(167) Il quale, per altro, non partecipava al congresso.
(168) Che fu composta di tre mazziniani (Savi, Astengo e Cannonieri), un garibaldino (Asproni), piú Mauro Macchi e Valentini. Anche sull'elezione di questa commissione aveva influito il Mazzini, come si comprende da una sua lettera a Dagnino del 24 settembre 1863 (conservata nel Museo del Risorgimento di Genova), nella quale dà molti consigli sul modo di condurre il congresso. «Bisognerebbe che la commissione fosse in Genova. Ma è cosa da maneggiarsi cautamente per non irritare suscettibilità locali». La sede della commissione fu infatti stabilita in Genova.
(169) Garibaldi aveva inviato una lettera al presidente del congresso (Olivieri), nella quale prendeva posizione per la tesi mazziniana sulla politicità. «Lasciate le vane questioni di parole, ma pensate che l'uomo non si dimezza, e che tutti, senza eccezione, abbiamo gli stessi doveri verso di noi, verso la patria e verso l'umanità».

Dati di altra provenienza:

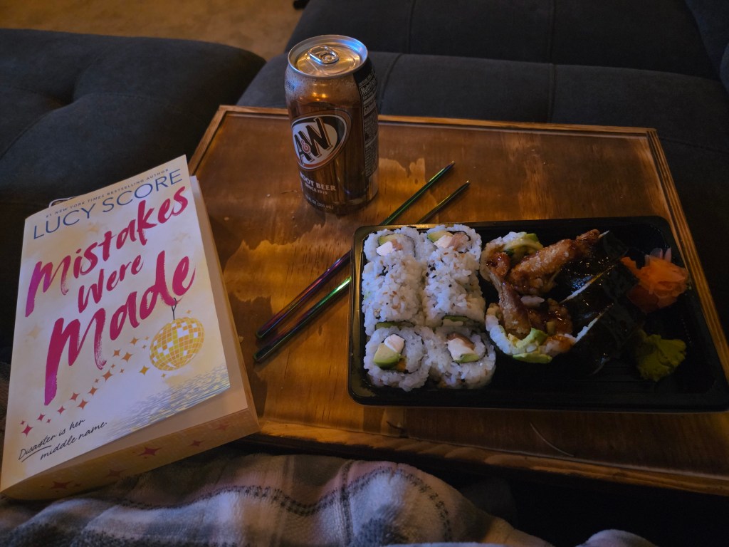 Recently, I decided to level up solo meals,and bought these adorable condiment dishes and metal chopsticks, and got snack trays for Christmas to put everything on – way better than laying a tv tray down flat like I had been doing.
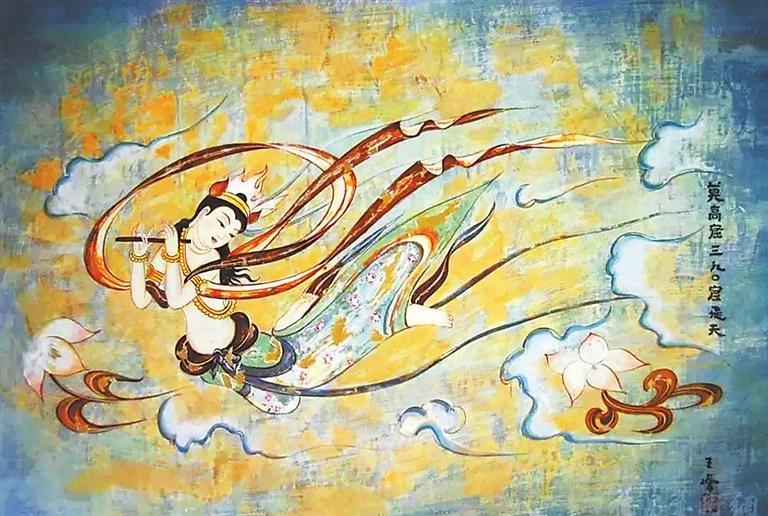 敦煌莫高窟,窟窟有壁畫,拼接起來(lái)長(zhǎng)達(dá)45000多平方米,有世界上“最大畫廊”之稱。這些壁畫中,幾乎每幅都有舞蹈形象,如在窟頂、龕楣、藻井遨游的飛天,憑欄上的天宮伎樂,經(jīng)變畫中的娛佛、敬佛的獻(xiàn)舞者——伎樂天,出行圖中跳著具有濃郁生活氣息的世俗樂舞,以及富有舞蹈美感的彩塑菩薩、天王力士等,琳瑯滿目,精妙絕倫。這些舞蹈形象充分反映了從十六國(guó)北朝至元代千余年來(lái)不同歷史時(shí)期的舞蹈服飾、形態(tài)、風(fēng)貌,為我們挖掘、整理、弘揚(yáng)中華民族舞蹈文化提供了十分珍貴的形象資料。
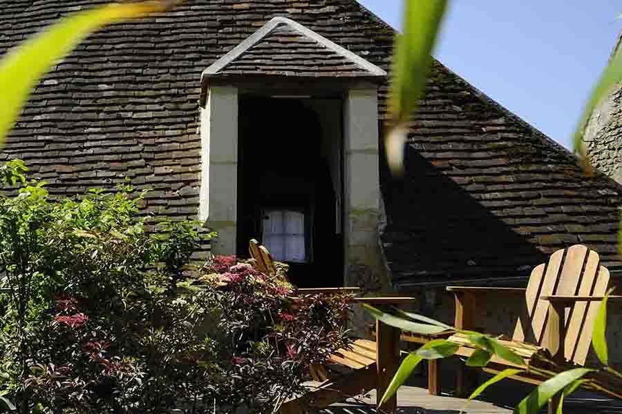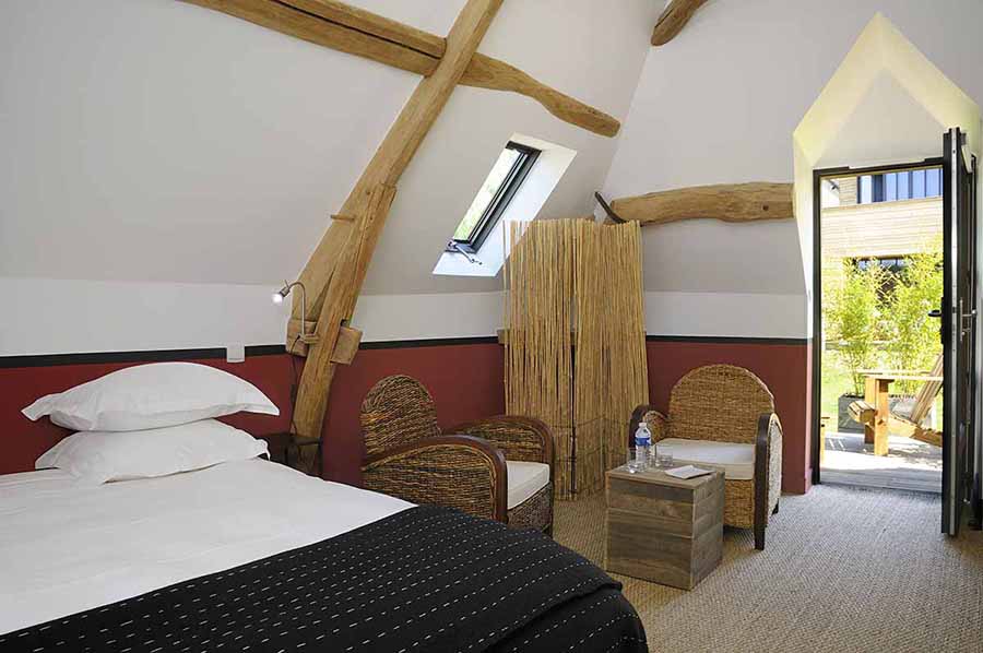 Située côté jardin dans le bâtiment principal au 1er étage, cette chambre dispose d'une terrasse privée
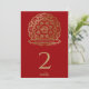 Convites Mandalá Vermelho e Dourado Número de Mesa Indiano
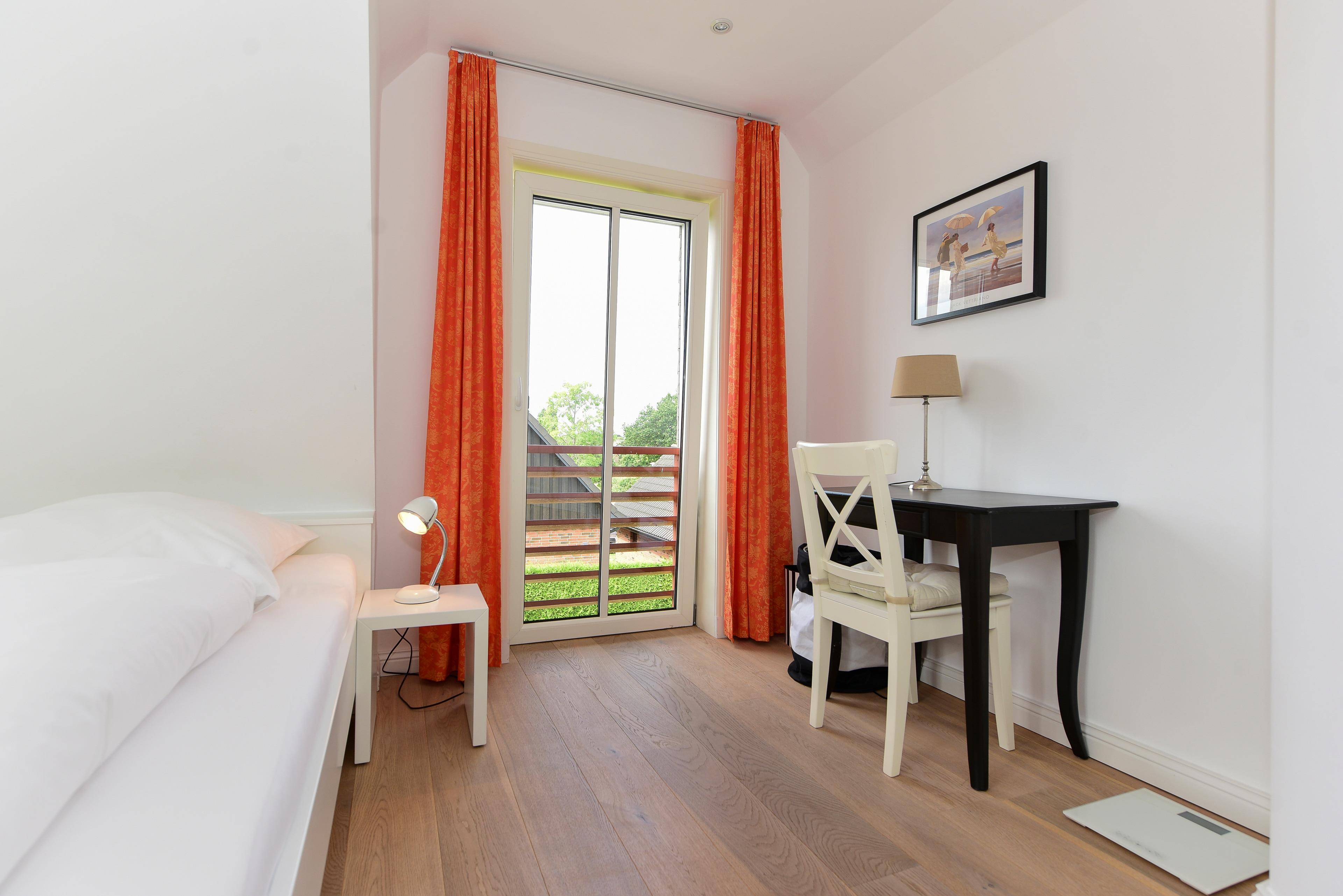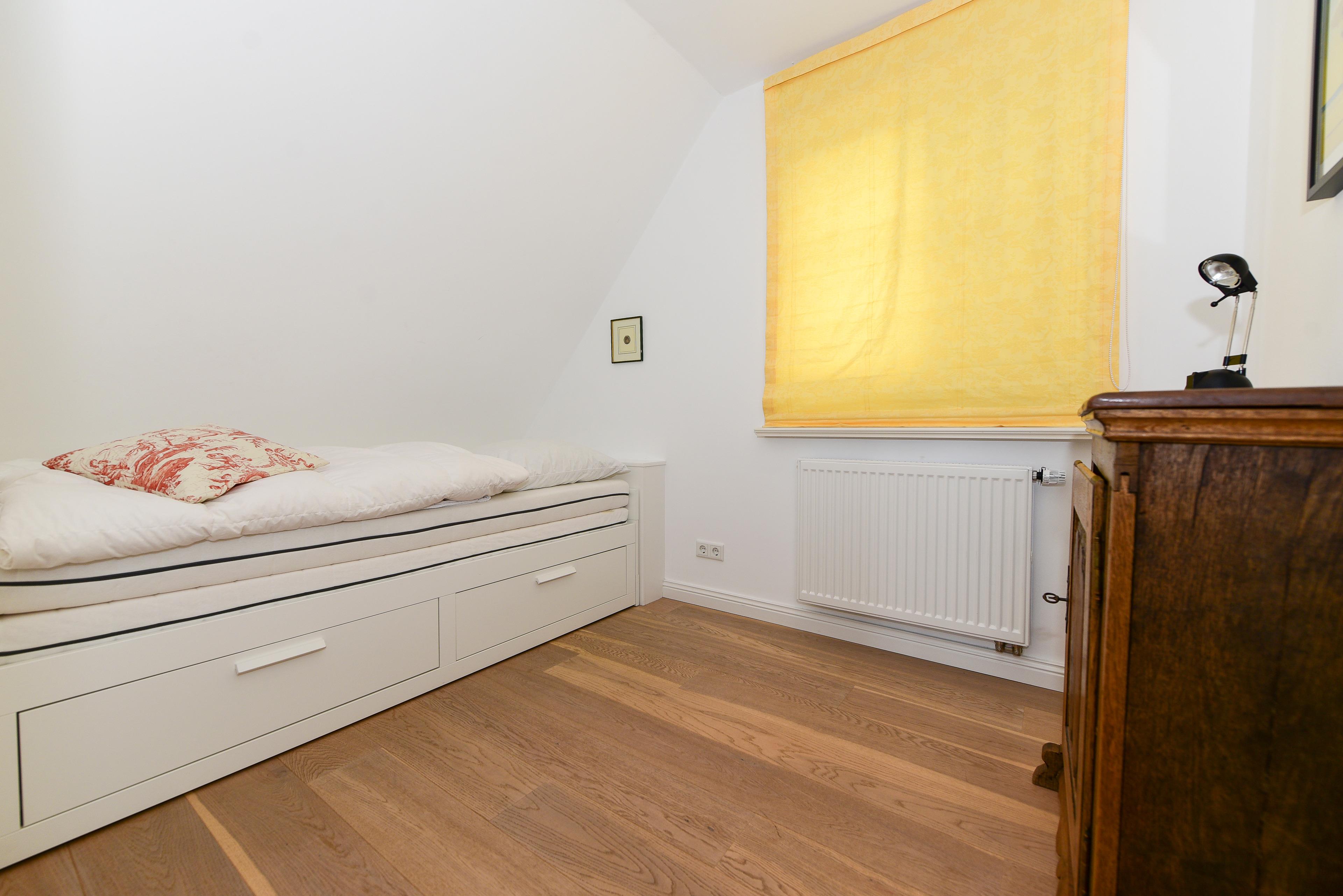 Das Haus befindet sich in einer ruhigen Nebenstraße, nur wenige Gehminuten von der Innenstadt von Wyk entfernt.
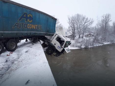 Kabina kamiona i dio kamiona visili su iznad Velike Morave, a vozač je satima bio zarobljen u kabini.
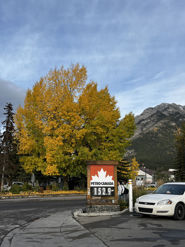 从梦莲湖出来到停车场取车,查找附近都没有房车营地,只好开到班夫小镇,找到一个可以24小时停车的免费停车场过夜,这个停车场在铁路边上,一个晚上都是火车哐当通过的噪音,建议这天提早找好房车营地,尤其是在旅游旺季(每年的5至9月是班夫国家公园的旺季)
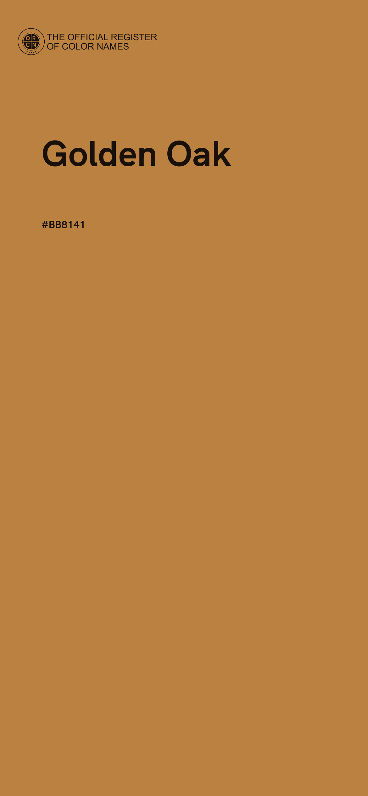 The digital color HEX #BB8141, known as "Golden Oak", belongs to the Orange Color Family featuring Moderate Saturation (Saturation Family) and Light (Brightness Family).

(170) Mentre l'indirizzo a Garibaldi venne votato per acclamazione e senza riserve, per l'indirizzo a Mazzini il presidente ritenne prudente avvertire che esso non si rivolgeva «all'uomo politico, ma all'operaio del pensiero, all'amoroso padre del popolo».
(171) Non son riuscito a trovare gli Atti che pur furono stampati. Si veda il resoconto sui giornali parmensi del tempo («La Gazzetta di Parma» e «Il Patriota») nonché sulla «Nazione» e sull'«Unità italiana».
(172) «L'Unità italiana», 28 novembre 1863.
(173) Il giornale seguitò le sue pubblicazioni (settimanali) fino al 25 luglio 1866, salvo una interruzione dal 24 dicembre 1864 al 9 agosto 1865. Abbastanza agile, variato, accuratissimo nel riportar notizie riguardanti la vita delle società operaie, discretamente informato sulle vicende del movimento operaio all'estero, pronto a discutere e ad accogliere con simpatia ogni nuova iniziativa nel campo del lavoro, meritava un piú felice successo.